What the task requires =
Only lines, not pictures: please repeat exactly the lines from the one with "2025년 4월 함께한 자원봉사 개인/단체 분들에게 감사의 말씀을 전합니다." through the end of the listing.

Dataset excerpt =
··········

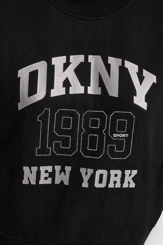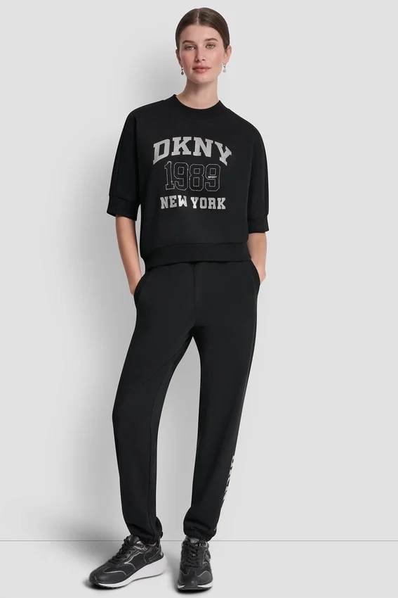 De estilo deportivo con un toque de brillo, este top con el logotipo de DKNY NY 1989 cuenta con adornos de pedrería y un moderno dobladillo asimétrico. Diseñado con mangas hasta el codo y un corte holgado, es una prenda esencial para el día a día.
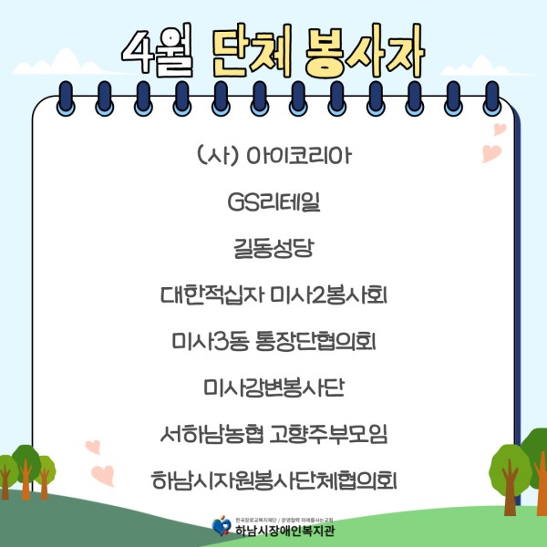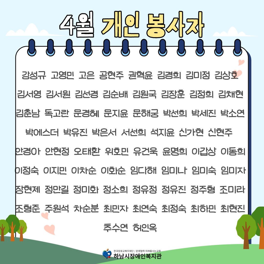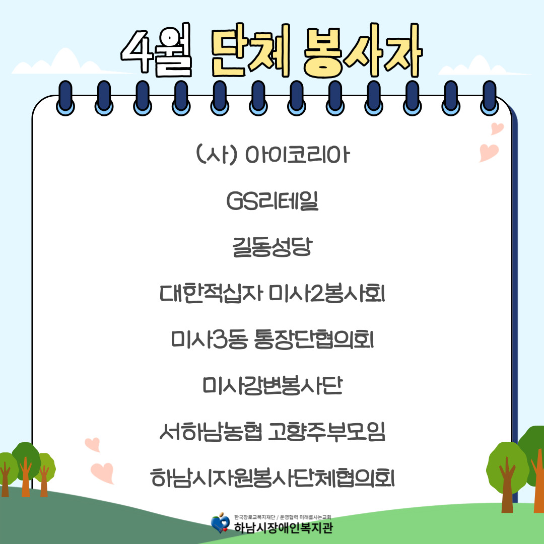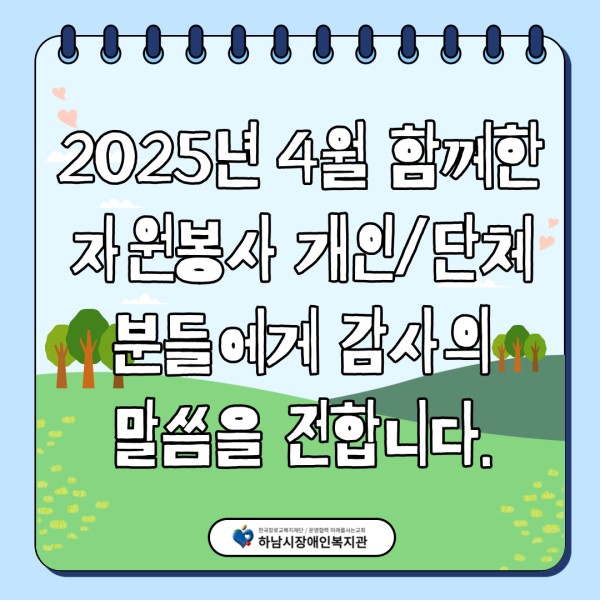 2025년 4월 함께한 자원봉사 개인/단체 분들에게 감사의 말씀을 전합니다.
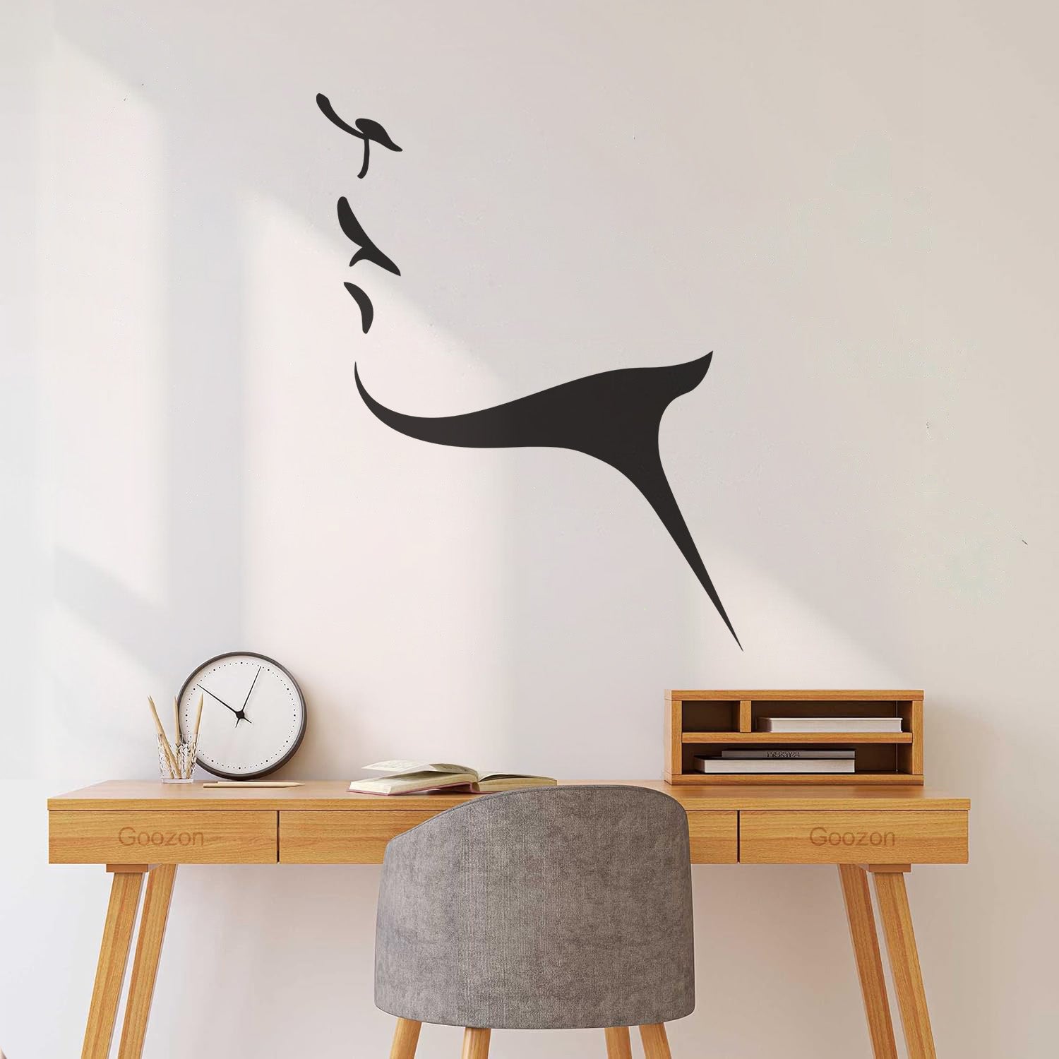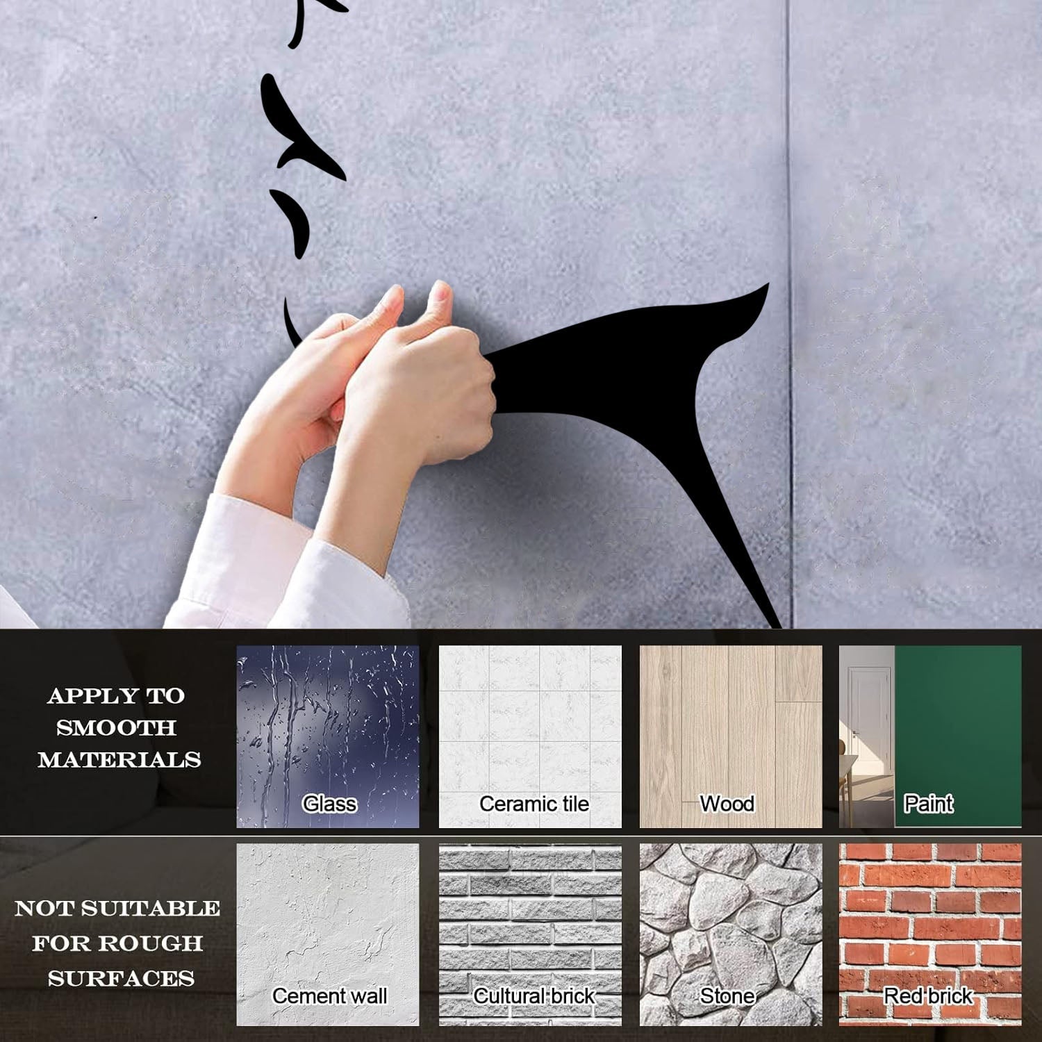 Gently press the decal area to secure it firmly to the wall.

··········

Expected answer =
 2025년 4월 함께한 자원봉사 개인/단체 분들에게 감사의 말씀을 전합니다.
 Gently press the decal area to secure it firmly to the wall.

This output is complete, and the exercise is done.